Sacred Heart is a coastal parish that empties to a skeleton congregation in October when the summer people leave. The youth pastor in 2018, a man named Adrian Kell, had come to the parish two years earlier from “two summers at a Catholic parish in Indiana.” I have found this phrase in the professional histories of three of the four leaders described in this article. It appears verbatim in each. The summers do not overlap. I have not been able to determine which Indiana parish is meant. I have a hypothesis.
Kell ran the Gauntlet in September 2018, by email as his predecessors had, delivering challenges each morning at 6:05. Twelve students participated. The program ran for five weeks. On the night of September 28, all twelve gathered at the parish hall for what Kell’s final email described as “the resolution.”

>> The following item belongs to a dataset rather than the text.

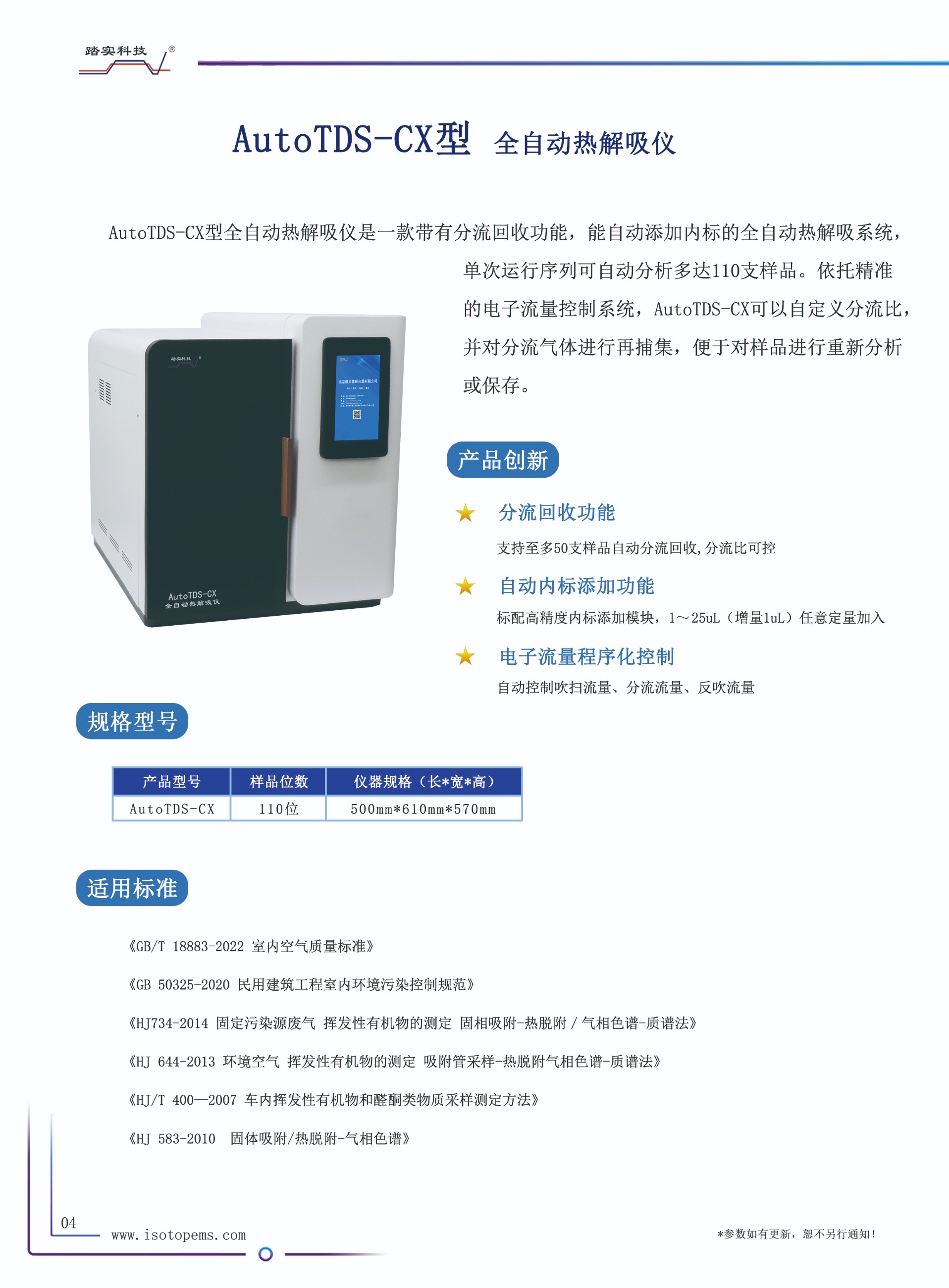AutoTDS-CX型全自動(dòng)熱解吸儀是一款帶有分流回收功能,能自動(dòng)添加內(nèi)標(biāo)的全自動(dòng)熱解吸儀,單次運(yùn)行序列可自動(dòng)分析多達(dá)110支樣品。依托精準(zhǔn)的電子流量控制系統(tǒng),AutoTDS-CX可以自定義分流比,并對(duì)分流氣體進(jìn)行再捕集,便于對(duì)樣品進(jìn)行重新分析或保存。

Eli Brennan, sixteen, was among them. He was Adrian Kell’s nephew. He was last seen on security footage from a gas station 0.6 miles from the church at 6:05 AM the following morning, walking away from the camera. He has not been found.
His father told me: “We know exactly when he left because the final challenge arrived at six oh five. I saw him pick up his phone. I thought it was a school thing. He put his shoes on and went out the door. I watched him go.”
Eli’s parents will speak to me. They have spoken at length. They want me to keep writing this story. I have promised them that I will.
III — What Repeats
Here is what I find when I line the four incidents up.
A youth leader who has done this before, at another parish, in another state, often relocated under unclear circumstances. The phrase “two summers at a Catholic parish in Indiana” appearing verbatim in three of four professional histories.
An email-based challenge series, delivered in the early morning — early enough that participants see it before school, before work, before their parents are awake. The challenges begin innocuously. They escalate. The final challenge, in every case I have examined, arrives at 6:05 in the morning.
Candles. In every case. Lamp oil, votives, pillar candles, from an unnamed donor, always present, always lit for the final night.
The number seven or fourteen. I have counted three times and arrived at the same number.
A senior member of the clergy who is not there that night.
A surviving cohort that does not speak.
And the time. 6:05 AM. I have a theory about the time. I have written it down. I am not going to publish it here, on a website, where anyone can read it. If you want to discuss it, write to me and put the word “Caedmon” in the subject line and I will know you have read this far.
IV
I am not saying these incidents are connected. I am a magazine reporter in Iowa City who covers rural America, and I am aware that patterns can be willed into existence by the people who want to find them. Coincidences happen. Small parishes have fires. Youth leaders leave ministry without explanation, because ministry is difficult and the pay is poor and sometimes people simply leave.
What I am saying is that I have found a thing four times, in places I would not have known to look. Each time I have set it down, it has refused to stay down. The families of the missing are not done. The people who went in and came out are not done, even when they say they are, even when they close the door.
If you know something — if you were in one of the cohorts, or you are a relative of someone who was, or you know what became of Vance or Daniel L. or Margaret Kessel — you can write to me at the address below. I will not name you. I will not publish what you do not want published. I will, if you want, simply listen. I have been told by three separate sources that there are eleven incidents, not four. I have not been able to verify this. I am trying.
And if you know why the email always arrives at 6:05: I have been thinking about it for four years. I would like, before this is over, to think about it with someone who was there.